Decentralized Finance is a quickly growing field of cryptocurrency that allows people to access financial services like trading, borrowing, and lending, without delays or extra prices incurred by a middleman like with traditional financial institutions. DeFi also utilizes automated market making (AMM) and liquidity pools to provide decentralized trading.
If you lend your crypto or contribute it to a platform that supplies loans of crypto, you will be liable for taxation on whatever you earn from lending your crypto. This lending income is treated as ordinary income (like income on salary), or as capital gains (gains from trading) depends on your DeFi platform.
Traditionally, lending platforms pay earnings from interest directly to your crypto balances, i.e., for lending ETH, you’d earn ETH and see your wallet balance increase accordingly. If you earn crypto tokens for lending (i.e., your balance increases when you earn interest income), then you recognize this as ordinary income (like income earned as payment / salary).
DeFi platforms, however, have issued their own tokens, also known as Liquidity Pool Tokens (LPTs), where you may recognize this income as capital gains. This is because adding/removing liquidity is structured like a trade or token swap. In these cases, such as with cTokens, the value of your LPTs increases — but the quantity shown in your ETH wallet remains the same.

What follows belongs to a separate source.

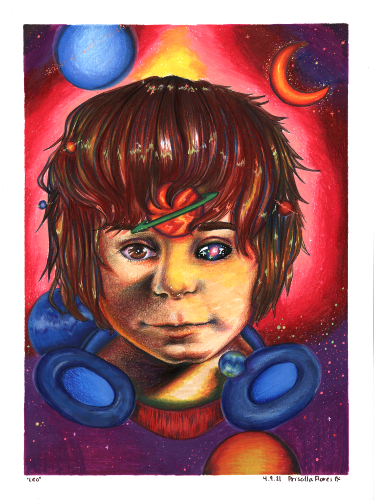 Through exploring the entire spectrum of art mediums, the love and obsession with color and ink have become part of my daily experience. Specifically, alcohol markers with an overlay of colored pencils are the tools I’ve grown to enjoy and work with in every art piece. What I try to capture the most in my work is the existence of a world that is beyond our own, a world that is seen or experienced at night, or I hope to embody the Saturn Myth, an idea that planets were closer—much, much closer. I log my dreams in a leather book and use these visions to create my work, and hope to encourage my own mind to never stop what happens during the night.
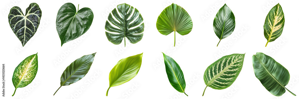 Diverse Collection of Green Leaves with Unique Textures and Patterns Isolated on White Background. Large Multiple Plant and Nature Collection Set Isolated on Transparent Background

When you convert your cTokens back to the original asset, the cost basis of your cTokens is compared to the amount of the original asset you receive in return to calculate your gain from interest accrued by the pool.
Certain DeFi transactions, like depositing to a platform that mints a token for your assets (e.g., ETH -> aETH on Aave), may or may not be a taxable event. This question also applies to entering and exiting liquidity pools.